Tensile strength mainly depends on raw steel composition, cold drawing, heat treatment, galvanizing technology, wire diameter, and service environment as listed below:

Key Factors Affecting Tensile Strength of Galvanized Wire

Tensile strength mainly depends on raw steel composition, cold drawing, heat treatment, galvanizing technology, wire diameter, and service environment as listed below:

1. Raw Steel Chemical Composition (Base Material)
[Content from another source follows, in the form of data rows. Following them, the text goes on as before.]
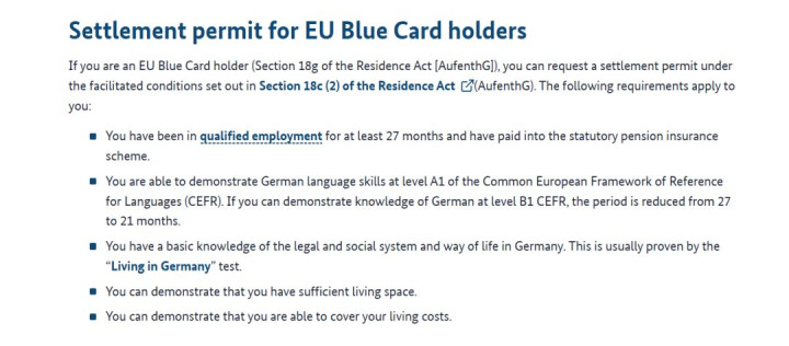 德国官方刻下国法下,蓝卡执有东谈主淌若执续从事及格业绩并按章程交纳法定待业金保障,在德语达到 A1 的情况下,时时 27 个月 可以肯求德国长久居留;淌若德语达到 B1,则可裁汰到 21 个月。是以我们一直不冷落把“德语不是硬门槛”融合成“德语不进攻”。
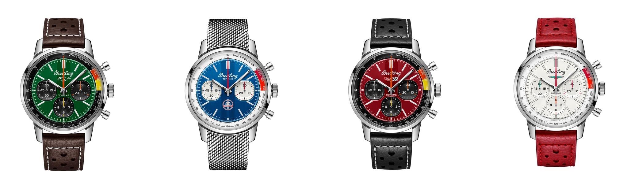 De Top Time blijft Breitlings horloge voor snelheidszoekers met een voorliefde voor stijl, wat vandaag de dag betekent automobilisten, motorrijders, surfers en digitale nomaden. De bijgewerkte look blijft trouw aan de originele opvallende ontwerpen van de Top Time, terwijl ze in Breitlings kenmerkende modern-retrostijl worden gebracht. Om ze te creëren, werkt Breitling samen met enkele van de coolste merken in de motorsport!
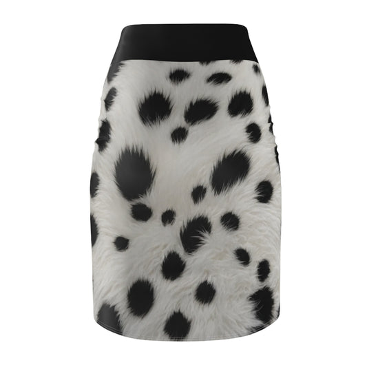 Cruella style Women's Pencil Skirt, AOP Dalmatian Print, Chic Office Wear, Trendy Summer Outfit, Perfect Gift for Fashion Lovers
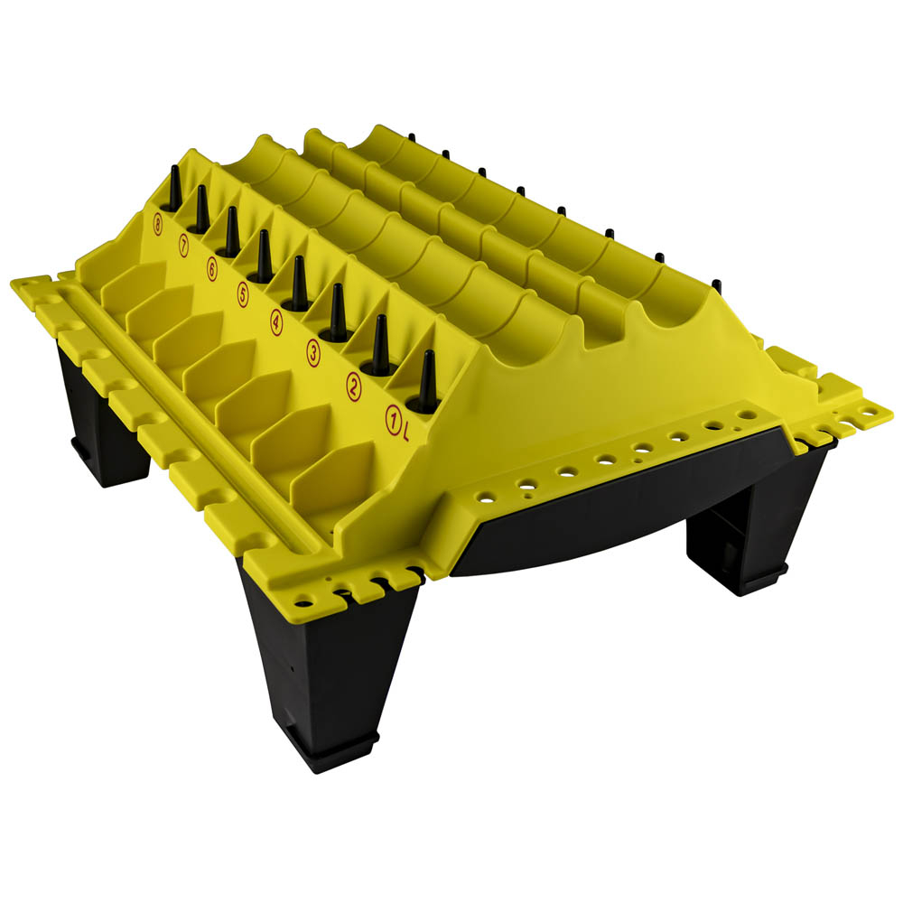 Suporte organizador amarelo e preto com divisórias numeradas e base elevada
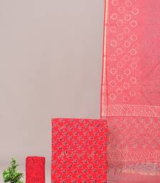 Pink hand block printed cotton suit with kota doriya dupatta unstitched
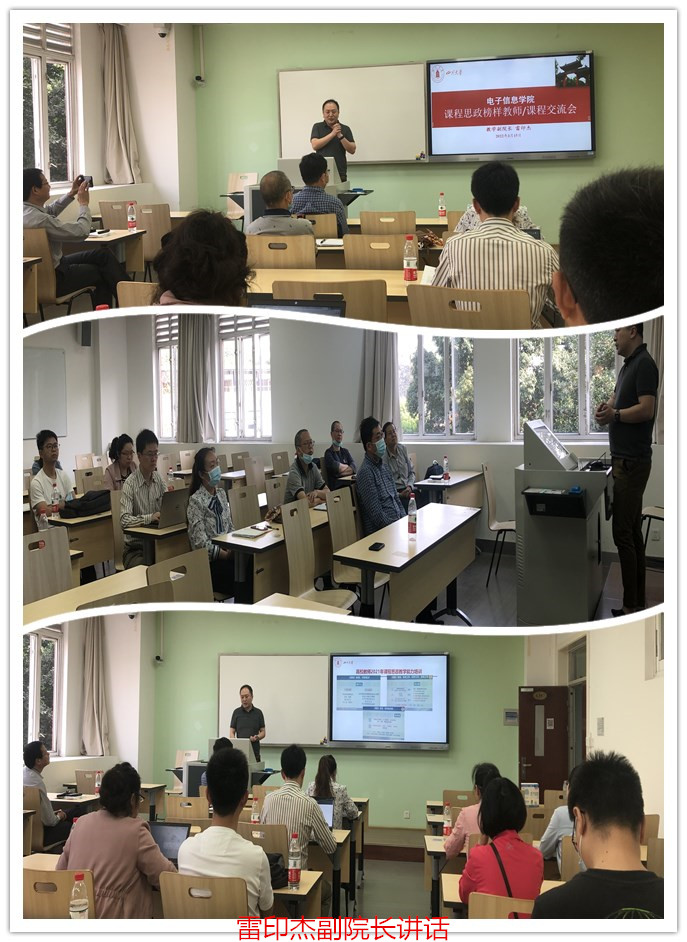 2022年3月15日上午,在基教A307教室,学院举行了2022年课程思政榜样建设课程/教师交流会。邰明松书记、廖勇明副书记、雷印杰副院长、卿粼波副院长、学院教学指导委主任杨晓敏教授及20余位教师参加。会议由雷印杰副院长主持。

  1. Carbon content: The most decisive factor. Higher carbon percentage increases tensile strength significantly; low-carbon steel (Q195, ~0.06%–0.16% C) produces soft wire of 350–550 MPa, while high-carbon steel (0.6%–1.2% C) makes high-tensile wire over 1000 MPa.
  2. Alloy trace elements: Mn improves base strength and hardness; Si enhances structural stability; Cr, V, Nb refine grains and inhibit strength drop during hot-dip galvanizing; excessive S & P impurities reduce tensile performance sharply.

2. Cold Drawing Process

Total drawing reduction rate and pass schedule control internal grain deformation:

  • Larger cumulative cold reduction refines steel grains and raises tensile strength greatly (hard-drawn wire).
  • Insufficient drawing leads to low strength; over-drawing causes hidden micro-cracks to downgrade final tensile property.

3. Pre-galvanizing Annealing Heat Treatment

  • Full annealing: Softens wire by grain recrystallization, lowers tensile strength for flexible binding wire (300–500 MPa).
  • Patenting (lead quenching): Forms fine sorbite microstructure, the core pretreatment for ultra-high tensile galvanized wire (for bridge cable, ≥1770 MPa).
  • No annealing keeps high tensile from cold drawing deformation hardening.
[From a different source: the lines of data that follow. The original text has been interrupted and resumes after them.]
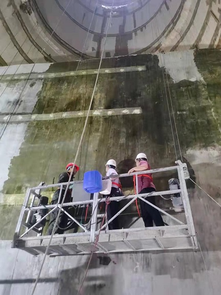 檢查小組通過采用外力敲擊及肉眼觀察的方式對B車間煙囪內(nèi)壁防腐層施工質(zhì)量進行詳細檢查。
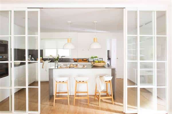 This white kitchen design uses sliding glass doors with white decorative panels to maintain an open flow while subtly separating the cooking area. Glass pendant lighting and open shelving contribute to a light and airy feel.
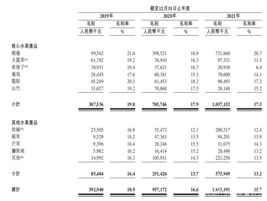 洪九果品水果毛利及毛利率
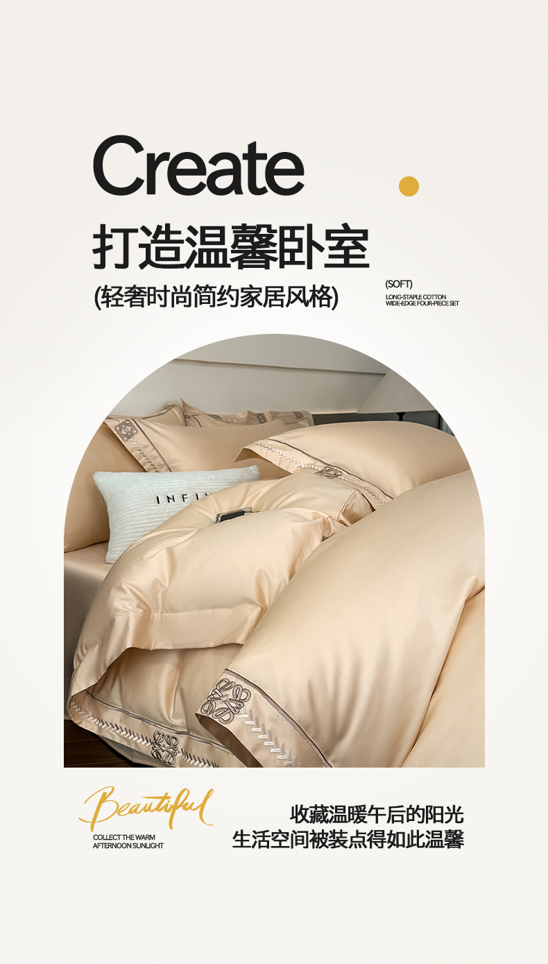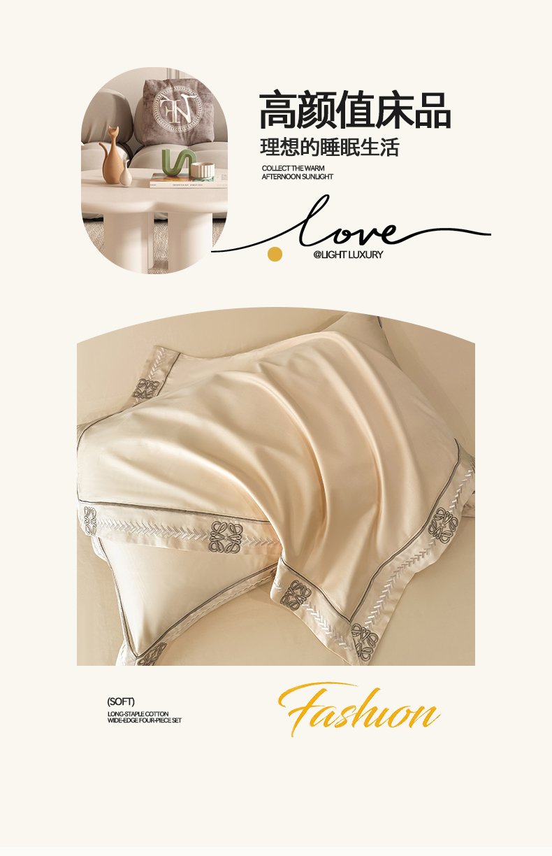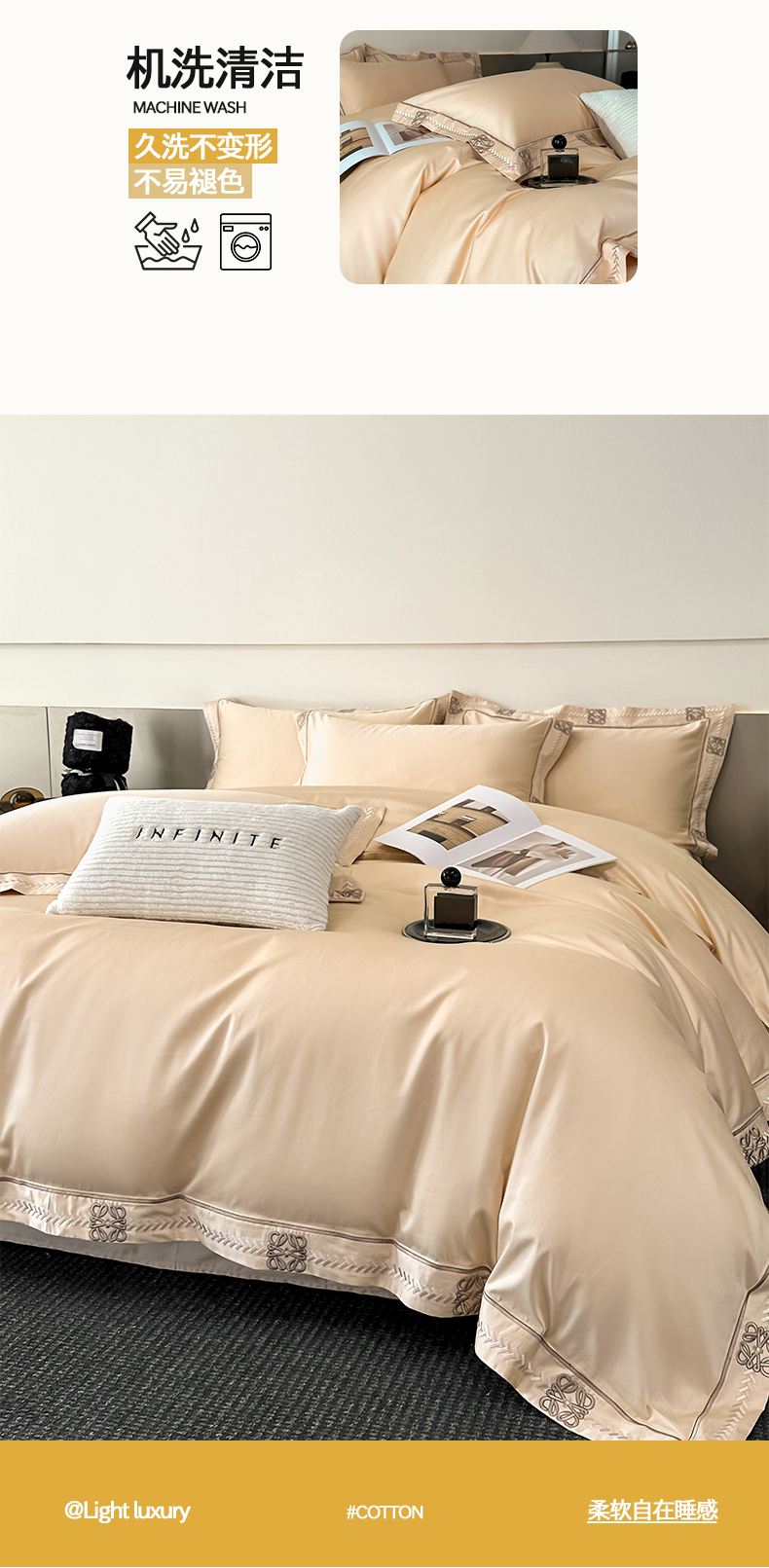当前位置: 91家纺网 > 商品网购 > 床品套件 > 四件套 > 其它四件套 > 置顶家纺 2026春夏新款多伦多系列亲肤刺绣拼角四件套 多伦多-浅香槟

4. Galvanizing Method & Thermal Impact

(1) Hot-dip galvanizing (440–480℃ molten zinc bath)

High-temperature heating triggers partial temper softening, grain coarsening and Fe-Zn alloy diffusion; tensile strength normally drops 5%–10%, especially obvious on high-carbon wire with high pre-drawing strength. Longer immersion time in zinc liquid aggravates strength loss.
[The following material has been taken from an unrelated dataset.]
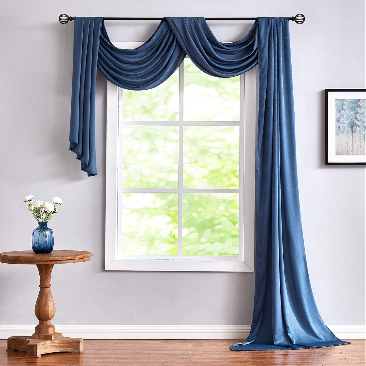 Amazon Com Fmfunctex Blue Valance Scarf Curtain For Living Room Extra Long Silky Soft Window Valance For Window Top 38 X 216 1 Panel Home Kitchen

(2) Electro-galvanizing (room-temperature electroplating)

No thermal input to steel substrate; original tensile strength of bare wire is almost fully retained, preferred for high-tensile finished wire.

Zinc coating thickness has nearly no direct influence on tensile strength, as zinc layer is much softer than steel core.

5. Wire Diameter

Under identical raw material and production flow: thinner finished wire gets higher tensile strength after multi-pass cold drawing; thicker wire features relatively lower tensile value.

6. Post-production Storage & Service Environment

  1. Long-term high-temperature exposure (>120℃) slowly causes substrate structure relaxation and strength degradation.
  2. Corrosion (rust pits, zinc coating failure): surface corrosion pits turn into stress concentration points, drastically reduce actual breaking tensile strength of in-service wire.